The holding in BLF Realty Holding Corp. v Kasher (299 AD2d 87 [1st Dept 2002]) cannot be construed to sanction evictions of loft tenants for charging a roommate a disproportionate share of rent. BLF Realty Holding Corp. v Kasher did not involve a roommate situation, but involved a sublet of a reconfigured portion of the subject premises. In Kasher, the Court interpreted the interplay between the Rent Stabilization Law and Code and the Loft Law involving sublet situations. The Court noted that while the Loft Law and regulations do not contain a cause of action for eviction for violating the subletting laws, they do contain restrictions on rent overcharges to sublessees and other requirements similar to those in the Rent Stabilization Law and Code regarding subletting. The court in 270 Riverside Dr., Inc. v Braun (4 Misc 3d 77 [App Term, 1st Dept 2004]) distinguished BLF Realty Holding Corp. v Kasher on this basis, because the Rent Control Act and the New York City Rent and Eviction Regulations contain no such restrictions regarding rent charged to roommates. Similarly, the Loft Law and regulations contain no such restrictions.

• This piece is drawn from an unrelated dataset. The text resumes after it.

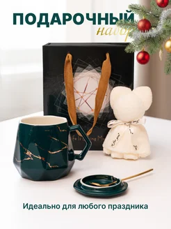 Кружка с крышкой, ложечкой и салфеткой

The Court in Kasher noted the substantial precedent holding that profiteering in subletting arrangements, in the context of both rent stabilization and rent control, constitutes an incurable ground for eviction. Based on the similarities in the subletting rules of the two systems and the facts before it involving a loft tenant who charged the subtenants approximately triple the legal rent for a four-year period, the Court concluded that a cause of action for eviction for violation of the subletting overcharge restrictions should pertain.

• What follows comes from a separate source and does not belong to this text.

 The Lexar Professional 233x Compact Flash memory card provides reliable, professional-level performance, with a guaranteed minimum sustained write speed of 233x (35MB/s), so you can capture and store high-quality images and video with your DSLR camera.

Unlike the similar sublet restrictions involved in BLF Realty Holding Corp. v Kasher, the Loft Law and regulations do not contain any provision regulating the rent to be charged a roommate paralleling RSC § 2525.7 (b). Nor is there any underlying statutory basis for such a regulation in the Loft Law.

Moreover, here the alleged overcharge does not rise to the level of profiteering present in BLF Realty Holding Corp. v Kasher, and was fully refunded to Ms. Terakawa. The court in 270 Riverside Dr., Inc. v Braun found that, even assuming that the remedy of eviction had been available in that case, it would hold that the overcharge of the “roommates” therein, who were *743charged an aggregate sum of $1,270, in excess of the legal regulated rent of $1,192, did not rise to the level of an incurable violation warranting forfeiture of the tenancy.

The landlord argues that eventually the premises are destined, once legalized, to become subject to the Rent Stabilization Law and Code. However it is not now subject to the Rent Stabilization Law and Code. The conduct complained of, which only took place for five months, was discontinued before this petition was even commenced. Respondent refunded the entire amount of the overcharge. Thus, when and if the subject unit becomes subject to the Rent Stabilization Law, the conduct will have long ceased to continue.

For all of the above reasons, petitioner has no cause of action and the petition is dismissed pursuant to CPLR 3211 (a) (7). The court thus need not and shall not reach the respondent’s motion for summary judgment pursuant to CPLR 3212.

For example, nonrelated, nontraditional cohabitation.